Sunday, November 21, 2010

KATHERINE HOWARD
Little Baddow Drama Club
November 20 2010

Jim Hutchon was at the opening night for the Chelmsford Weekly News:



Ken Rolf’s moving production of Katherine Howard’s eventful two-year royal career succeeding Anne of Cleves was shot through with real scholarship and drama, the well-dressed cast working seamlessly to recreate the dangerous path of Royal entanglements.
Katherine Howard was played with a nice mix of modesty and honesty by Sara Thompson, the devious Cranmer by Paul Randall as a satisfyingly slimy schemer, and Norfolk by John Peregrine, able to turn his coat with the speed of light when necks were on the line. Dan Ford was convincing as Katherine’s previous lover Culpeper to whom she lost her heart then her head.
Memorable moments included the anatomy lesson from a tactful Lady Jane Rochford (played with style and drama by Vicki Tropman) to the naïve dumpling Anne of Cleves (Catherine Bailey), where she likens little boys’ tassels to a seed drill… “When they can become very fierce!”
In a series of beautifully-modulated soliloquies, Michael Gray gradually unpeeled the human being in love behind the picture we have of the spiteful, bad-tempered, tyrant Henry VIII.
The set was dominated by an enormous curtained box taking up most of the stage, which doubled as a chapel, wedding four-poster and execution chamber, and was simply in the way for the rest of the play.
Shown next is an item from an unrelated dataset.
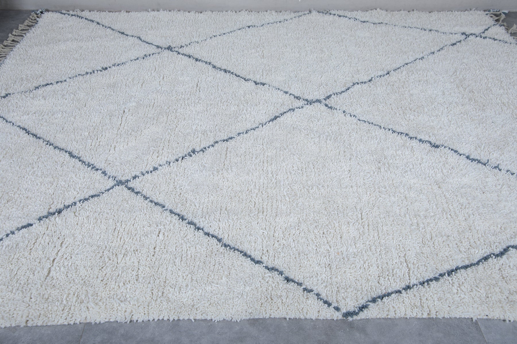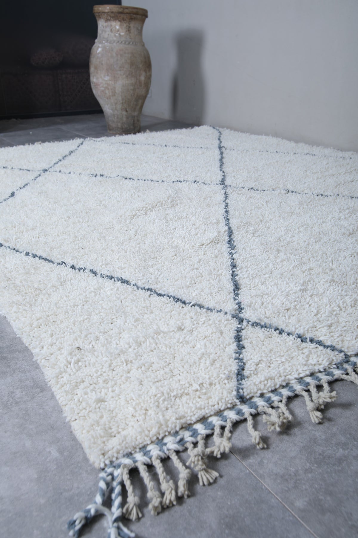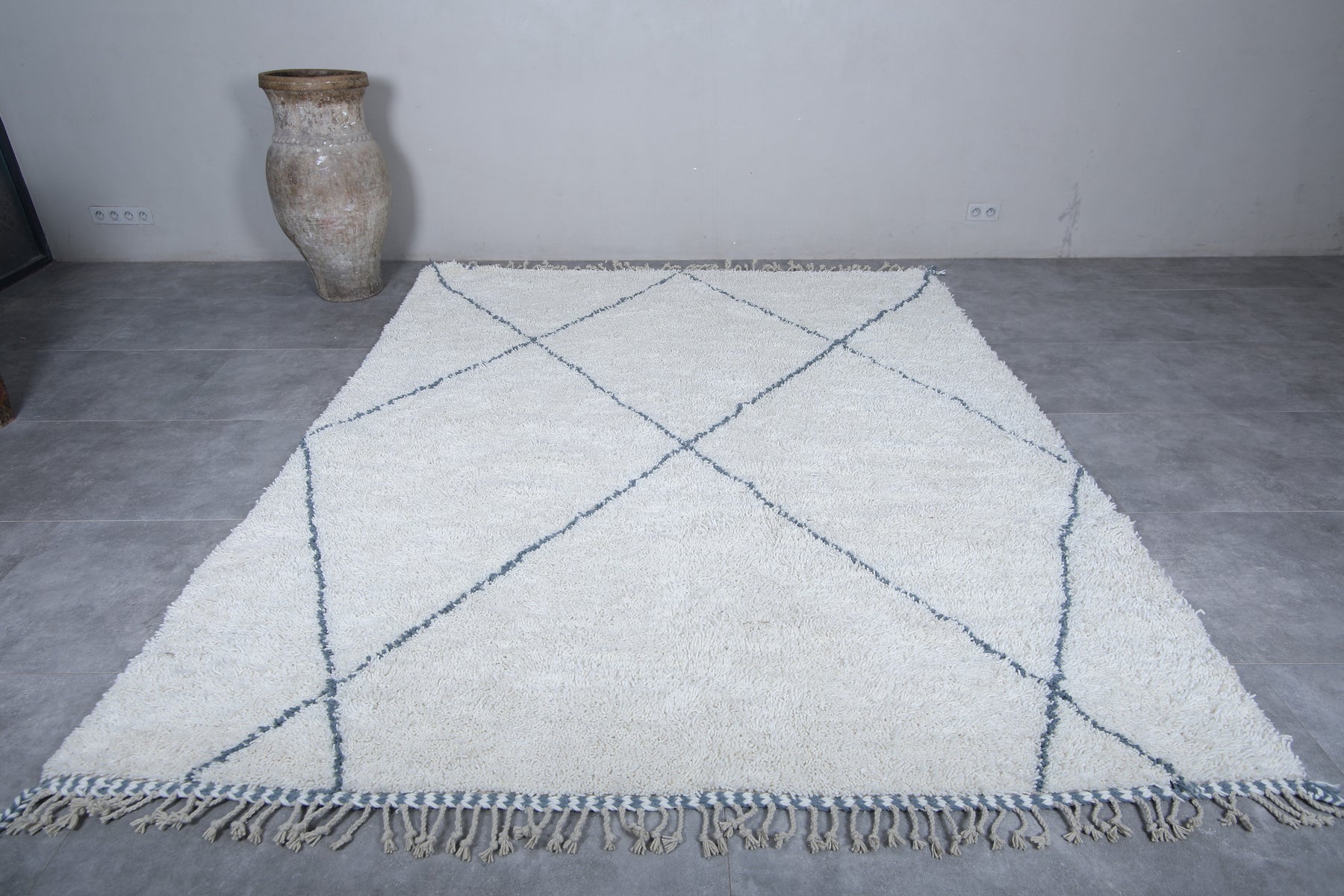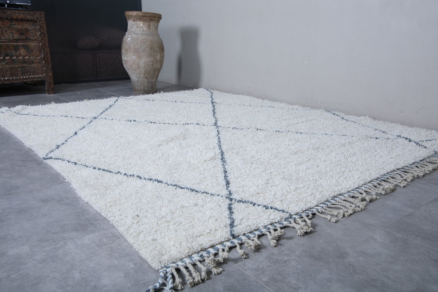 Add a touch of style to any room with this traditional Beni Ourain rug, made of 100% natural white wool and featuring a classic diamond pattern in grey. Beni Ourain rugs boast soft pile and minimalist geometric patterns, and that is why they are loved by so many in both modern and traditional interiors. Featuring clean lines and soft pile, this rug brings warmth, texture, and truly authentic Moroccan craftsmanship into any room, whether it's a cozy living space, a serene bedroom, or a setting with minimalist decor.
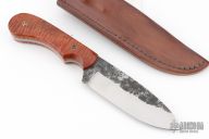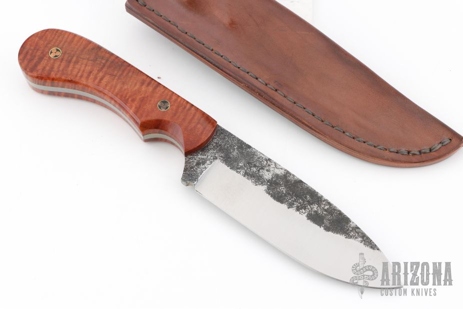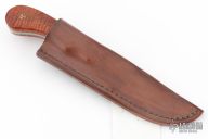 This Hunter by Renner Knives features a drop point blade with forge finished flats, satin bevels, .178" blade thickness and 1.409" blade depth, full tang construction. The handle has maple covers with mosaic pins. Comes with a brown leather sheath. Has some light scratches, otherwise excellent condition.

The action, which should have taken place in spacious and sumptuous state rooms, seemed confined to surreptitious meetings in dark corridors in the spaces round the box.




Mary Redman was at the last night:

William Nicholson's play about the April-September marriage of both convenience and love between the oh-so-honest Katherine Howard and King Henry VIII came to me as a big surprise in many senses.
First I was surprised by the black and bleak humour of the piece as well as the tragedy of this hastily arranged marriage propelled forward by Katherine's weaselly uncle Thomas and his cohorts of plotters for control of the King/state religion. Plus ça change, plus c'est la même chose...
Then there was the honesty. From Sara Thompson's utterly delightful Kate whose truth both captivated the King and condemned her to the lonely executioner's block. Honesty too, from the playwright and Michael Gray as a Henry revealing the extent of his mortality and humanity combined with the burdens of state. The wedding night scene between the grumpy Henry and Catherine Bailey's dimly stolid Anne of Cleves with her cackling sense of humour, was a prizewinner for the tongue-in-cheek comedy of its direction and acting. I shan't easily forget the image of the two of them sitting bolt upright and poker faced in bed as the officials fussed around them.
Honesty also tore Katherine and Dan Ford's Thomas Culpeper apart and the scene when the two physically tortured characters appeared was moving and a sharp reminder that some things never change in many hundreds of years. We are constantly shown things in the news nowadays that speak of unchanging brutality and violence against the person, by using "instruments" as William, Cranmer's secretary, describes them and Henry bitterly spits out.
John Peregrine's Duke of Norfolk, Paul Randall's oily Cranmer and Trevor Edwards' cowardly Wriothesley made a fine trio of baddies. Life on stage for the other cast members would have been very much easier if Cranmer hadn't needed so many prompts. It really does put a strain on the others when they cannot rely on someone else's being strong on the words.
Vicky Tropman was smoothly splendid as the self-serving Lady Jane Rochford, easily used by Cranmer and co for their own ends, and shown up by her cry of desperation at her sentence of death.
Brian Greatrex's team including the highly-experienced Pam Brider came up with a splendid piece of ultra-heavyweight, oat-coloured cloth (normally used as an altar cloth I would have thought) to surround the bed of state. The executioner's block was a masterpiece of lighting and impact. Tony Brett's costumes, especially for Henry, could not be faulted for their magnificent impression, but in the small hall and with bright lighting some gaudy thin modern fabrics were all too obvious. We all know the economic reasons for this.
As to the whole of Ken's production it was the second highly impressive show I've seen this week. To combine seeing 84 Charing Cross Road [Hutton Players at Brentwood Theatre] and Katherine Howard was too much to expect. As critics we often sit through non-professional productions where good enough is good enough. To be privileged to sit through a production which has unfathomable depths of integrity, thought, careful attention to details including background music, and above all tender loving care is something rare.

Thank you Ken, cast and crew.

production photographs by Trevor Edwards and Matthew Adams

1 comment:

B.G. said...

I liked the huge bed taking up so much room on the stage. Intentionally or not it emphasised the importance the marriage bed, and his desperation to get a male heir, played in Henry's reign, and the tragic consequences of their failure to some of his wives.
And the confined action around it? - well that also felt right for much of the play - there was a lot of plotting and skulking and secret assignations going on.